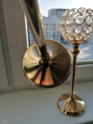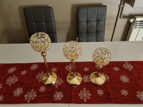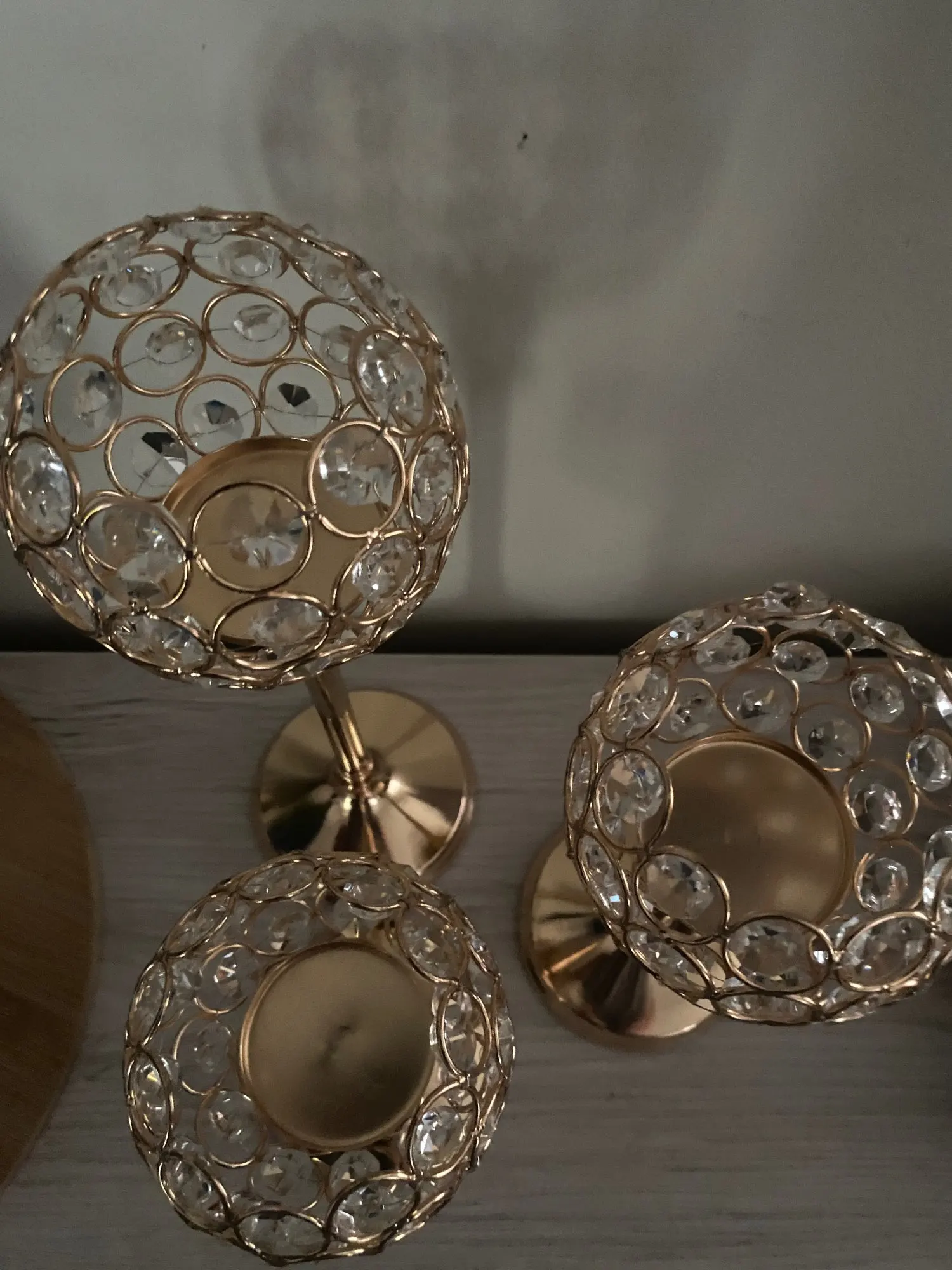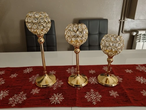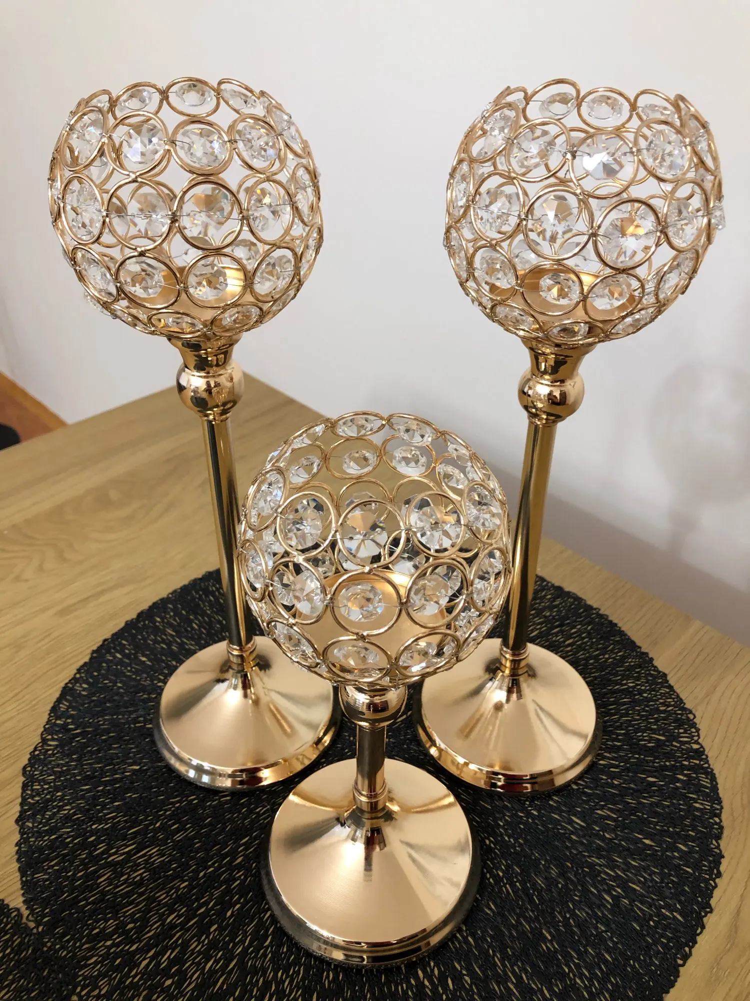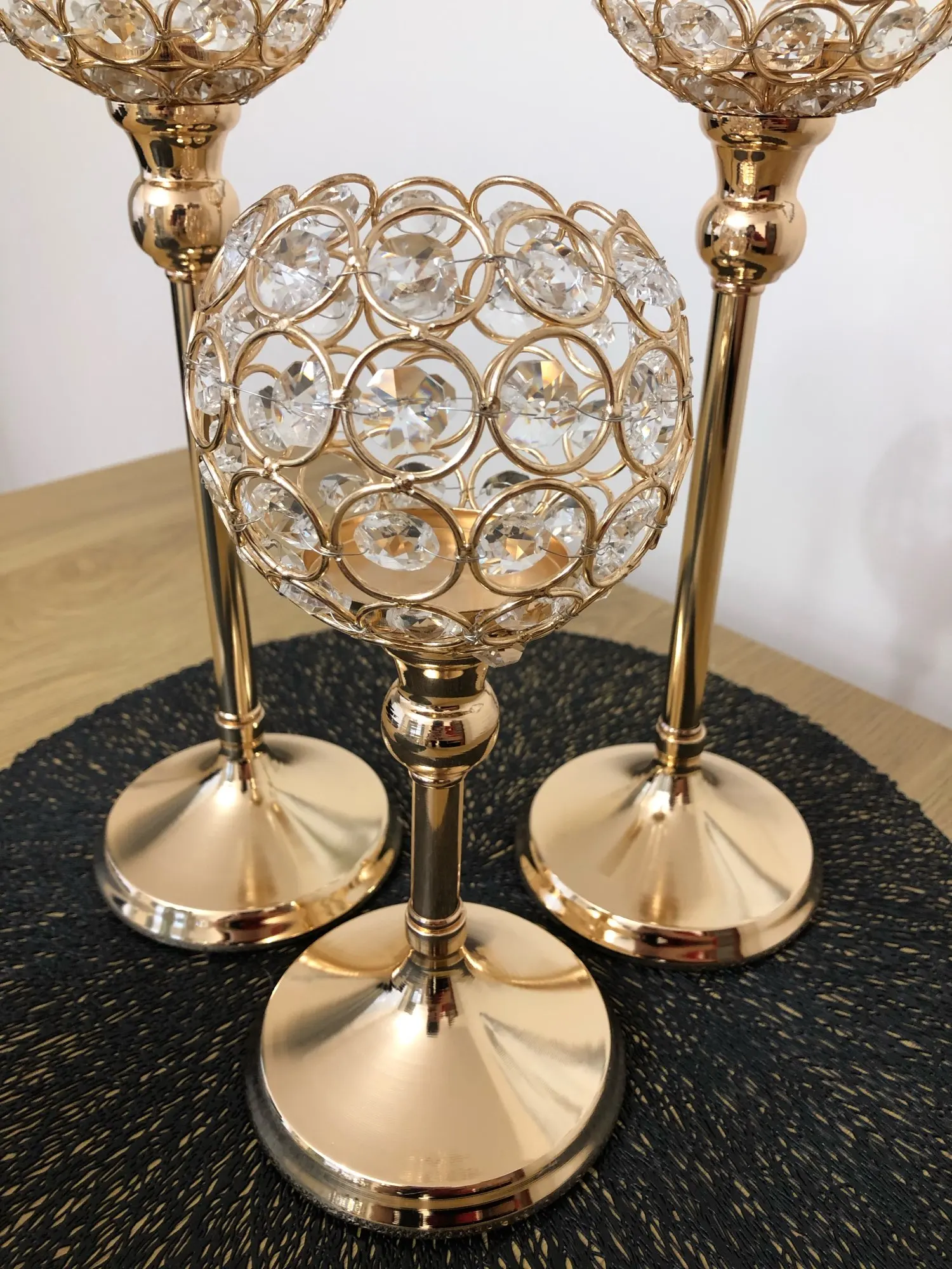 Этот подсвечник очень сложный, элегантный и уникальный, с 3 кристаллами, украшенными бусинами, на гладких блестящих металлических полосках прокрутки.
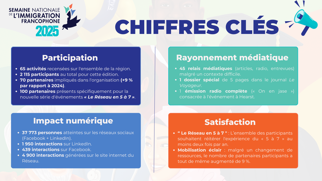 Du 2 au 8 novembre 2025, le Nord a célébré la 13e édition de la Semaine nationale de l’immigration francophone sous le thème inspirant « Merci d’enrichir notre francophonie ». Cette semaine a été l’occasion de souligner l’apport inestimable des nouveaux arrivants à la vitalité de nos communautés nord-ontariennes.
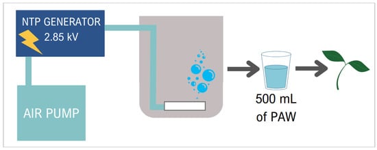 Previous studies have demonstrated the beneficial effects of cold plasma on seed germination and plant growth [12]. Additionally, NTP technology has proven effective in the post-harvest stage, enhancing product quality preservation and maintenance through disinfection and sanitization [13,14,15]. This application, referred to as NTP-treated water or plasma-activated water (PAW), has shown promising results in promoting plant health, sturdiness, and root development, thereby enhancing growth performance and reducing the need for fertilizers and plant protection products against biotic stresses [16,17].
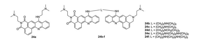 The dimeric heterocyclic-fused larger ring system attracted attention due to their high DNA affinity and antitumor activity [42]. As reported, bis-naphthalimide derivatives (like Ⅳ) have been studied for their cytotoxicity [43]. We designed novel mono- and bis-isoquinolino[4, 5-bc]acridine derivatives 24a-f which combined the structural feature of both naphthlimide and acridine chromophores [44]. As seen in Fig. 5, naphathalimide active group was remained and the acridine unit was effectively fused with electron-deficiency group. Besides, several polyamine chains ranging from 7.3-12.3 Å were used as linkers to bridge two heterocyclic-fused acridine chromophores. The target compounds were evaluated of their antitumor activities against A549 and P388. It is found that the dimers exhibited more active cytotoxicity than the mononuclear analogue, except for 24b. Besides, the linker greatly altered the antitumor activities of the target compounds. Compound 24f with polyamino alkyl chain linker exhibited decent antitumor activity against both A549 and P388 (0.025 μmol/L and 0.281 μmol/L, respectively). DNA binding study and molecular modeling of the 24e/24f DNA complexes indicated that 24f with the long enough linker could exhibit the higher DNA affinity than 24e, which contributed to its higher antitumor activity.
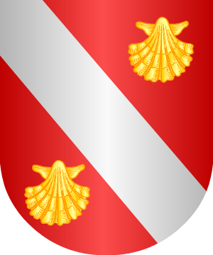 tienen: En campo de plata, una banda jaquelada, de gules y oro, en dos órdenes,
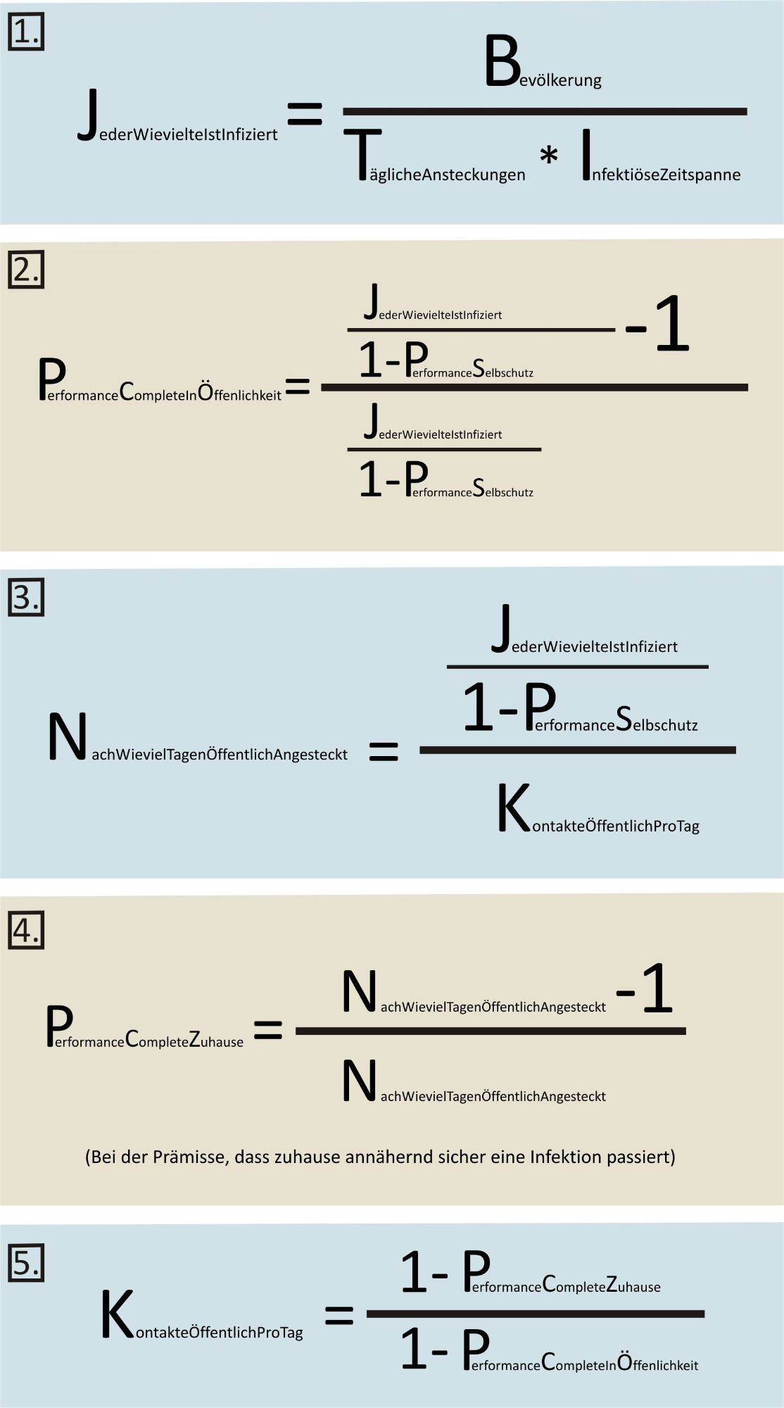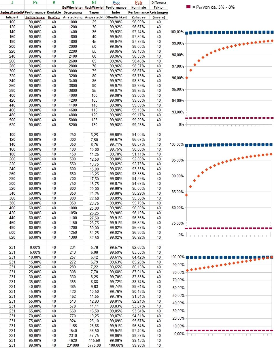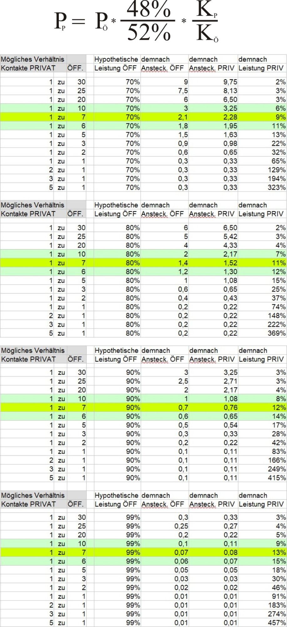 Logische Grundlage: Sofern die Menschen privat und öffentlich gleichviele Kontakte gehabt hätten, wäre auch ihre Leistung Pp und Pö nahezu gleich (Pp=48/52*Pö). Im Falle aber, dass die Menschen öffentlich deutlich mehr Kontakte gehabt hätten als privat, sänke die Leistung im Privaten erheblich entspr. dieser Formel, die auch in den Tabellen Anwendung findet:

══════════

- **Assignment**: Leave out the pictures; repeat the data exactly.

- **Solution to this exercise**:
 Этот подсвечник очень сложный, элегантный и уникальный, с 3 кристаллами, украшенными бусинами, на гладких блестящих металлических полосках прокрутки.
 Du 2 au 8 novembre 2025, le Nord a célébré la 13e édition de la Semaine nationale de l’immigration francophone sous le thème inspirant « Merci d’enrichir notre francophonie ». Cette semaine a été l’occasion de souligner l’apport inestimable des nouveaux arrivants à la vitalité de nos communautés nord-ontariennes.
 Previous studies have demonstrated the beneficial effects of cold plasma on seed germination and plant growth [12]. Additionally, NTP technology has proven effective in the post-harvest stage, enhancing product quality preservation and maintenance through disinfection and sanitization [13,14,15]. This application, referred to as NTP-treated water or plasma-activated water (PAW), has shown promising results in promoting plant health, sturdiness, and root development, thereby enhancing growth performance and reducing the need for fertilizers and plant protection products against biotic stresses [16,17].
 The dimeric heterocyclic-fused larger ring system attracted attention due to their high DNA affinity and antitumor activity [42]. As reported, bis-naphthalimide derivatives (like Ⅳ) have been studied for their cytotoxicity [43]. We designed novel mono- and bis-isoquinolino[4, 5-bc]acridine derivatives 24a-f which combined the structural feature of both naphthlimide and acridine chromophores [44]. As seen in Fig. 5, naphathalimide active group was remained and the acridine unit was effectively fused with electron-deficiency group. Besides, several polyamine chains ranging from 7.3-12.3 Å were used as linkers to bridge two heterocyclic-fused acridine chromophores. The target compounds were evaluated of their antitumor activities against A549 and P388. It is found that the dimers exhibited more active cytotoxicity than the mononuclear analogue, except for 24b. Besides, the linker greatly altered the antitumor activities of the target compounds. Compound 24f with polyamino alkyl chain linker exhibited decent antitumor activity against both A549 and P388 (0.025 μmol/L and 0.281 μmol/L, respectively). DNA binding study and molecular modeling of the 24e/24f DNA complexes indicated that 24f with the long enough linker could exhibit the higher DNA affinity than 24e, which contributed to its higher antitumor activity.
 tienen: En campo de plata, una banda jaquelada, de gules y oro, en dos órdenes,
 Logische Grundlage: Sofern die Menschen privat und öffentlich gleichviele Kontakte gehabt hätten, wäre auch ihre Leistung Pp und Pö nahezu gleich (Pp=48/52*Pö). Im Falle aber, dass die Menschen öffentlich deutlich mehr Kontakte gehabt hätten als privat, sänke die Leistung im Privaten erheblich entspr. dieser Formel, die auch in den Tabellen Anwendung findet:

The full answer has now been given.